■ WHAT TO PRODUCE
Please give the lines below again exactly as they stand, from the one that contains "313330 PIN Code" up to and including the one that contains "画面上部の「ウォレット」をク", leaving all pictures out.

■ PROVIDED INFORMATION
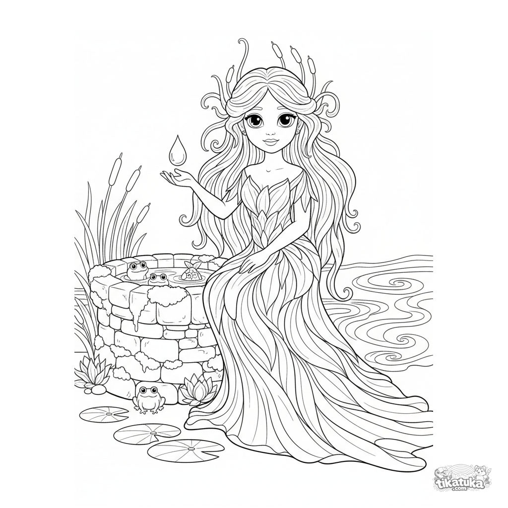 Página para colorir para pré-adolescentes 7-9: um espírito da água guardião no poço de água viva. Linhas fluidas no estilo art nouveau, atmosfera folclórica mágica.
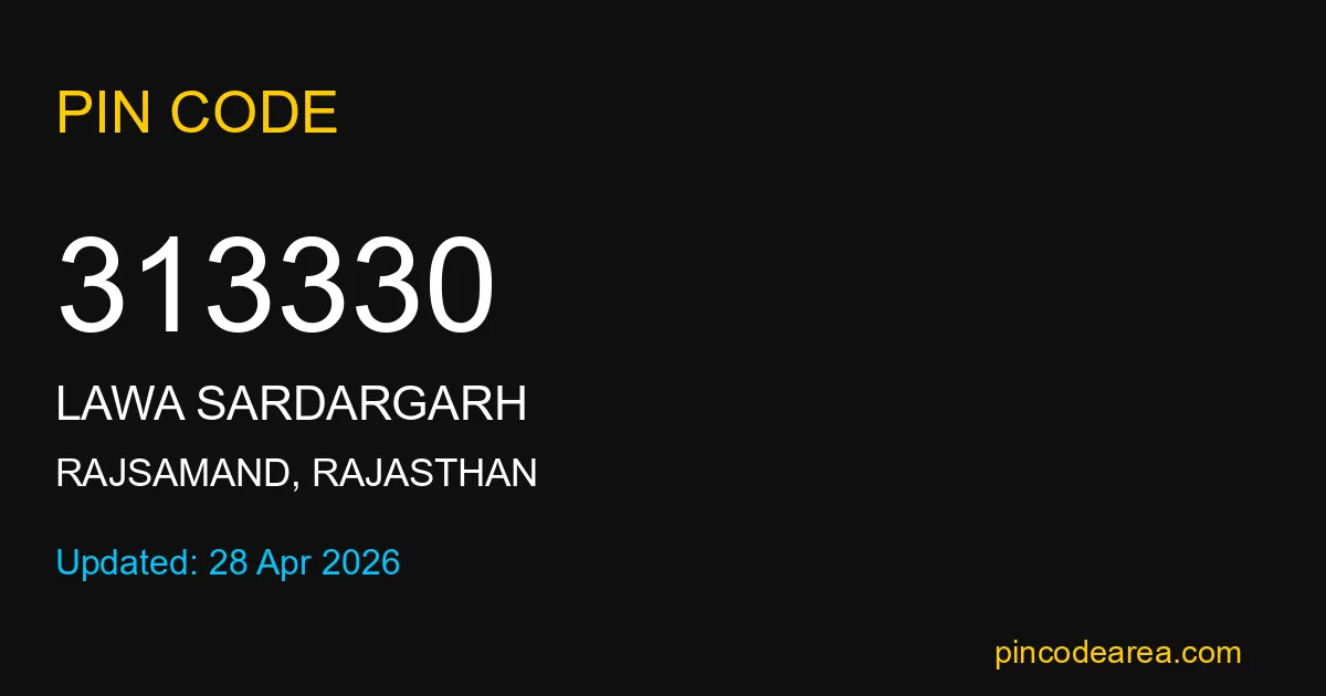 313330 PIN Code is assigned to Lawa Sardargarh Post Office located in Rajsamand district of Rajasthan. It helps identify the exact delivery area for postal and courier services.
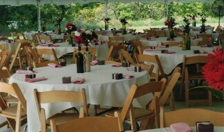 Event capacity exceeds 2,000 guests, supported by expansive lawns, generous parking, covered pavilions, a concrete patio overlooking the 1-acre pond, and a 3,200-sf pad suitable for additional structures.
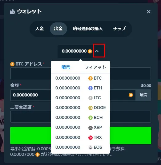 画面上部の「ウォレット」をクリックし、「出金」タブを選択します。出金したい仮想通貨を選んでください。
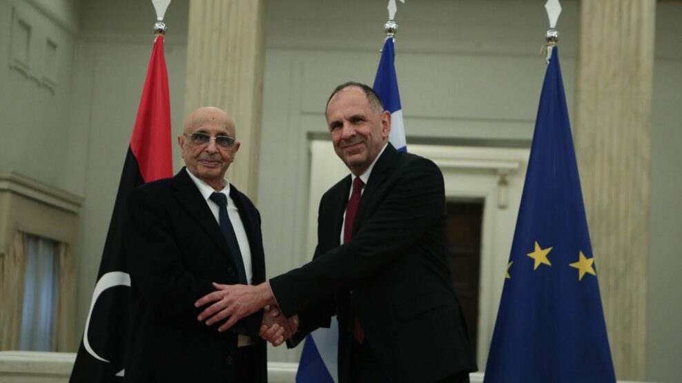 Mιλώντας στο συνέδριο του «Athens Policy Dialogues», ο κ. Γεραπετρίτης εμφανίστηκε αισιόδοξος για το κεφάλαιο «Λιβύη», λέγοντας: «Χωρίς να αγνοούμε το αγκάθι του ανυπόστατου τουρκολιβυκού μνημονίου, είμαστε σήμερα η μόνη ευρωπαϊκή χώρα που διατηρεί ανοικτούς διαύλους στο ανώτατο επίπεδο και με τις δύο πλευρές στη Λιβύη, έχοντας επιτύχει παράλληλα τη μείωση των μεταναστευτικών ροών από τα λιβυκά παράλια, τον σεβασμό της ελληνικής μέσης γραμμής στην προκήρυξη οικοπέδων για την εξόρυξη υδρογονανθράκων από τη Λιβύη, καθώς και την επανενεργοποίηση των τεχνικών επιτροπών για την οριοθέτηση της ΑΟΖ μεταξύ των δύο χωρών».
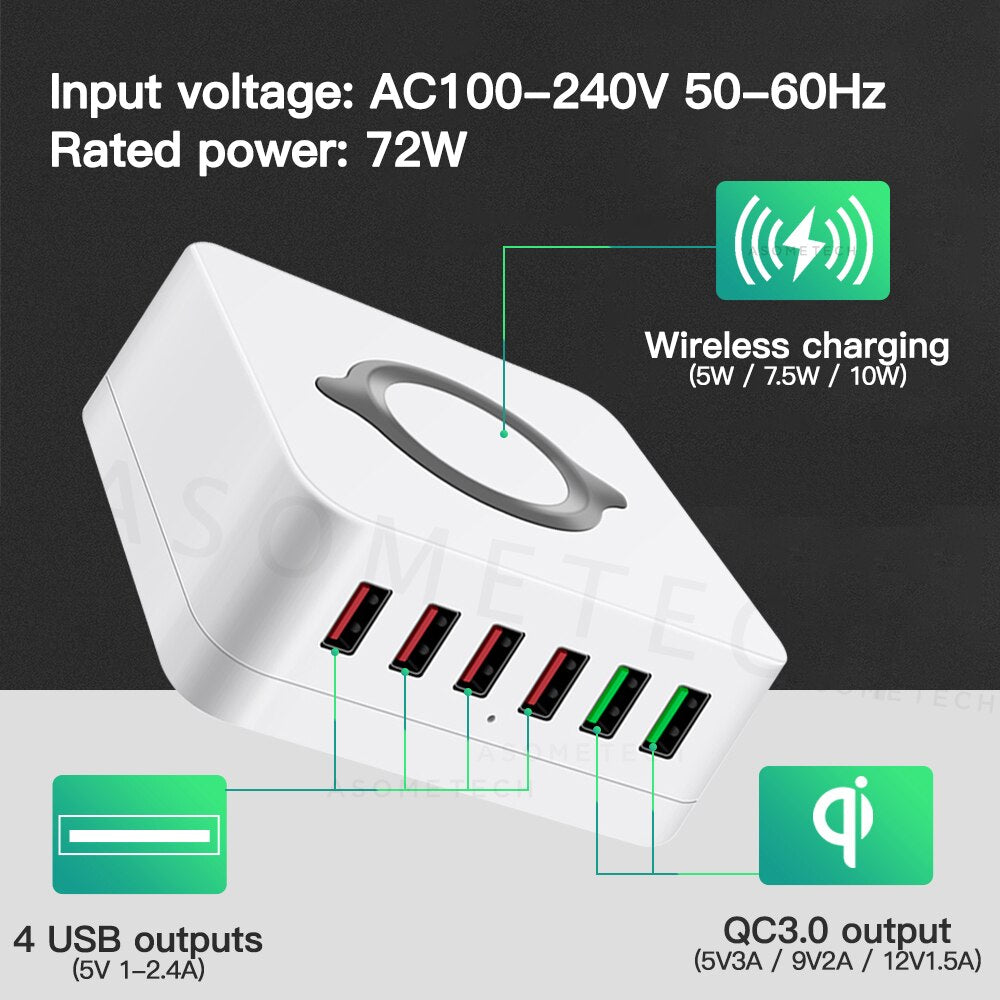 72W 6 Port Quick Charge 3.0 USB Charger Adapter Wireless Charger Charging Station Phone Charger For iPhone Samsung Huawei Xiaomi

■ RESPONSE FOR THIS EXERCISE
 313330 PIN Code is assigned to Lawa Sardargarh Post Office located in Rajsamand district of Rajasthan. It helps identify the exact delivery area for postal and courier services.
 Event capacity exceeds 2,000 guests, supported by expansive lawns, generous parking, covered pavilions, a concrete patio overlooking the 1-acre pond, and a 3,200-sf pad suitable for additional structures.
 画面上部の「ウォレット」をクリックし、「出金」タブを選択します。出金したい仮想通貨を選んでください。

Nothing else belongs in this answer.